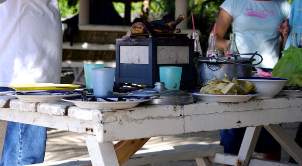 野餐的主食主要是烤香蕉,椰子皮包米饭,鱿鱼,鱼汤。。。味道都比较清淡。在班塔延的这几天吃得最多的就是鱿鱼。味道最好的还是在酒店吃的带点辣辣湖南风味的鱿鱼。
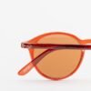 Round shaped sunglasses with transparent red frames.
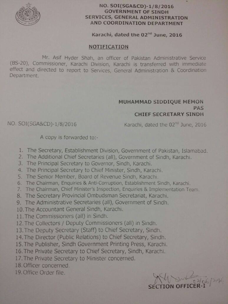 واضح رہے کہ عمومی طور پر کراچی کا کمشنر گریڈ 21 کے افسر کو بنایا جاتا تھا مگر گریڈ 20 کے افسر آصف حیدر شاہ کو کمشنر بنایا دیا گیاتھا.
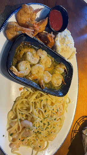 GHETTO. If I could give -0 I would I suggest not going to this Red Lobster until they hire decent people. Including a manager. I had a group of 6 on Saturday. Our total bill was around $200+. Someone kept turning the AC on (was close to closing) therefore we froze the entire time we were there. (Mind you it was already 40 degrees outside) Our food took forever to come out. It was cold and half the table got served first vs the other half because supposedly no one thought to follow our server to bring the remaining meals out. So while she is taking orders, half of us have food and the other half didnt. Our server was on something. I had her the first time we visited and she was great...this time she was all over the place. She had the shakes and couldnt get one order right. Left drinks at the bar...when they came back the ice was almost melted. The Ultimate Feast is a joke. I would never pay that price for what was submitted to our table. I tried to use my gift card that my sister gave me for Christmas when the bill came. She took our CC, the gift card, charged our CC the entire bill and took the gift card. I noticed that the charge on the CC wasnt right and was for the full amount and inquired. They tried to tell me my gift card was invalid. (mind you I checked the balance before I went and I have the receipt for it) The manager after us complaining several times then took the $25.00 from my gift card off the bill. Now lets talk Kitchen. You have to walk past the kitchen to use the restroom. Here is a big problem. While everyone is waiting on their food and getting upset, the kids in the kitchen are doing the "nay nay" or the "watch me youuuu". It was a dance fest in the kitchen. Complete party and the kitchen was nasty looking. You could also hear them laughing and talking about how people were complaining about the food that was being sent back. I thought the entire kitchen staffs behavior was ridiculous and all of them should have been fired that day. Red Lobster is not a club. It is a Seafood Restaurant. The bathroom was quite disgusting as well. There werent paper towels or hand soap. I dont think a broom was used except for maybe first thing in the morning and that is a maybe. I will NOT EVER go to this Red Lobster when the one on NOLAND IS SO MUCH BETTER AND THE FEAST IS A TRUE FEAST!!!!!!!! STEER CLEAR OF RED LOBSTER IN THE LEGENDS UNLESS YOU LIKE DISAPPOINTMENT, BAD SERVICE AND COLD FOOD.
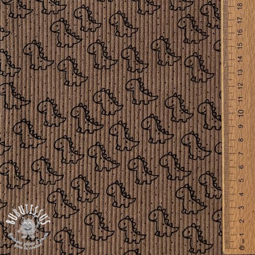 Tissu velours cotelé STRETCH Little dino taupe
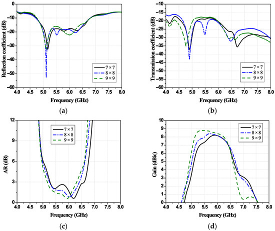 Figure 16a–d illustrate the simulated RLBW, isolation, ARBW, and gain for different numbers of X-notch square elemental units: 7 × 7, 8 × 8, and 9 × 9. In Figure 16a, the simulated RLBW values are 4.74–6.8 GHz, 4.7–6.8 GHz, and 4.76–6.8 GHz, respectively, with simulated isolation exceeding 18.2 dB, 19 dB, and 17.7 dB, as shown in Figure 16b. Figure 16c presents the simulated ARBW of 5.28–6.5 GHz, 5.25–6.41 GHz, and 5.17–6.31 GHz, with corresponding maximum gains of 8.23 dBic at 5.9 GHz, 8.42 dBic at 5.7 GHz, and 8.8 dBic at 5.4 GHz, as shown in Figure 16d. The proposed antenna scheme achieves wide bandwidth and high isolation with 8 × 8 X-notch square elemental units. Consequently, the optimal number of AMC elemental units is 8 × 8.
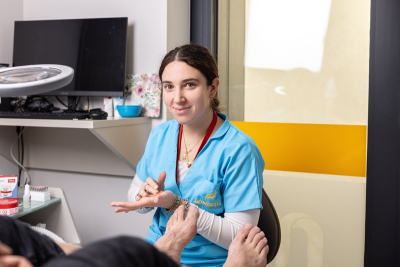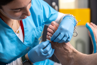 Unser Zentrum zeichnet hier besonders die interdisziplinäre Zusammenarbeit zwischen dem Team der HautärztInnen und FußpflegerInnen aus. Die Behandlung von Fußkrankheiten erfolgt in enger Abstimmung. So kann eine medikamentöse Behandlung durch den Arzt eingeleitet, Laser gegen Nagelpilz eingesetzt und eine umfassende Fußpflege regelmäßig durchgeführt werden.
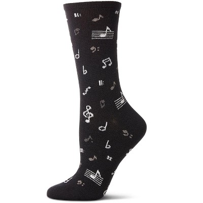 Memoi Women's "Musical Notes" Cashmere Blend Novelty Crew Sock Black 9-11
***
• _Instructions to follow_
The records above are to be retyped exactly, with every picture left out.

• _Result of the exercise_
 野餐的主食主要是烤香蕉,椰子皮包米饭,鱿鱼,鱼汤。。。味道都比较清淡。在班塔延的这几天吃得最多的就是鱿鱼。味道最好的还是在酒店吃的带点辣辣湖南风味的鱿鱼。
 Round shaped sunglasses with transparent red frames.
 واضح رہے کہ عمومی طور پر کراچی کا کمشنر گریڈ 21 کے افسر کو بنایا جاتا تھا مگر گریڈ 20 کے افسر آصف حیدر شاہ کو کمشنر بنایا دیا گیاتھا.
 GHETTO. If I could give -0 I would I suggest not going to this Red Lobster until they hire decent people. Including a manager. I had a group of 6 on Saturday. Our total bill was around $200+. Someone kept turning the AC on (was close to closing) therefore we froze the entire time we were there. (Mind you it was already 40 degrees outside) Our food took forever to come out. It was cold and half the table got served first vs the other half because supposedly no one thought to follow our server to bring the remaining meals out. So while she is taking orders, half of us have food and the other half didnt. Our server was on something. I had her the first time we visited and she was great...this time she was all over the place. She had the shakes and couldnt get one order right. Left drinks at the bar...when they came back the ice was almost melted. The Ultimate Feast is a joke. I would never pay that price for what was submitted to our table. I tried to use my gift card that my sister gave me for Christmas when the bill came. She took our CC, the gift card, charged our CC the entire bill and took the gift card. I noticed that the charge on the CC wasnt right and was for the full amount and inquired. They tried to tell me my gift card was invalid. (mind you I checked the balance before I went and I have the receipt for it) The manager after us complaining several times then took the $25.00 from my gift card off the bill. Now lets talk Kitchen. You have to walk past the kitchen to use the restroom. Here is a big problem. While everyone is waiting on their food and getting upset, the kids in the kitchen are doing the "nay nay" or the "watch me youuuu". It was a dance fest in the kitchen. Complete party and the kitchen was nasty looking. You could also hear them laughing and talking about how people were complaining about the food that was being sent back. I thought the entire kitchen staffs behavior was ridiculous and all of them should have been fired that day. Red Lobster is not a club. It is a Seafood Restaurant. The bathroom was quite disgusting as well. There werent paper towels or hand soap. I dont think a broom was used except for maybe first thing in the morning and that is a maybe. I will NOT EVER go to this Red Lobster when the one on NOLAND IS SO MUCH BETTER AND THE FEAST IS A TRUE FEAST!!!!!!!! STEER CLEAR OF RED LOBSTER IN THE LEGENDS UNLESS YOU LIKE DISAPPOINTMENT, BAD SERVICE AND COLD FOOD.
 Tissu velours cotelé STRETCH Little dino taupe
 Figure 16a–d illustrate the simulated RLBW, isolation, ARBW, and gain for different numbers of X-notch square elemental units: 7 × 7, 8 × 8, and 9 × 9. In Figure 16a, the simulated RLBW values are 4.74–6.8 GHz, 4.7–6.8 GHz, and 4.76–6.8 GHz, respectively, with simulated isolation exceeding 18.2 dB, 19 dB, and 17.7 dB, as shown in Figure 16b. Figure 16c presents the simulated ARBW of 5.28–6.5 GHz, 5.25–6.41 GHz, and 5.17–6.31 GHz, with corresponding maximum gains of 8.23 dBic at 5.9 GHz, 8.42 dBic at 5.7 GHz, and 8.8 dBic at 5.4 GHz, as shown in Figure 16d. The proposed antenna scheme achieves wide bandwidth and high isolation with 8 × 8 X-notch square elemental units. Consequently, the optimal number of AMC elemental units is 8 × 8.
 Unser Zentrum zeichnet hier besonders die interdisziplinäre Zusammenarbeit zwischen dem Team der HautärztInnen und FußpflegerInnen aus. Die Behandlung von Fußkrankheiten erfolgt in enger Abstimmung. So kann eine medikamentöse Behandlung durch den Arzt eingeleitet, Laser gegen Nagelpilz eingesetzt und eine umfassende Fußpflege regelmäßig durchgeführt werden.
 Memoi Women's "Musical Notes" Cashmere Blend Novelty Crew Sock Black 9-11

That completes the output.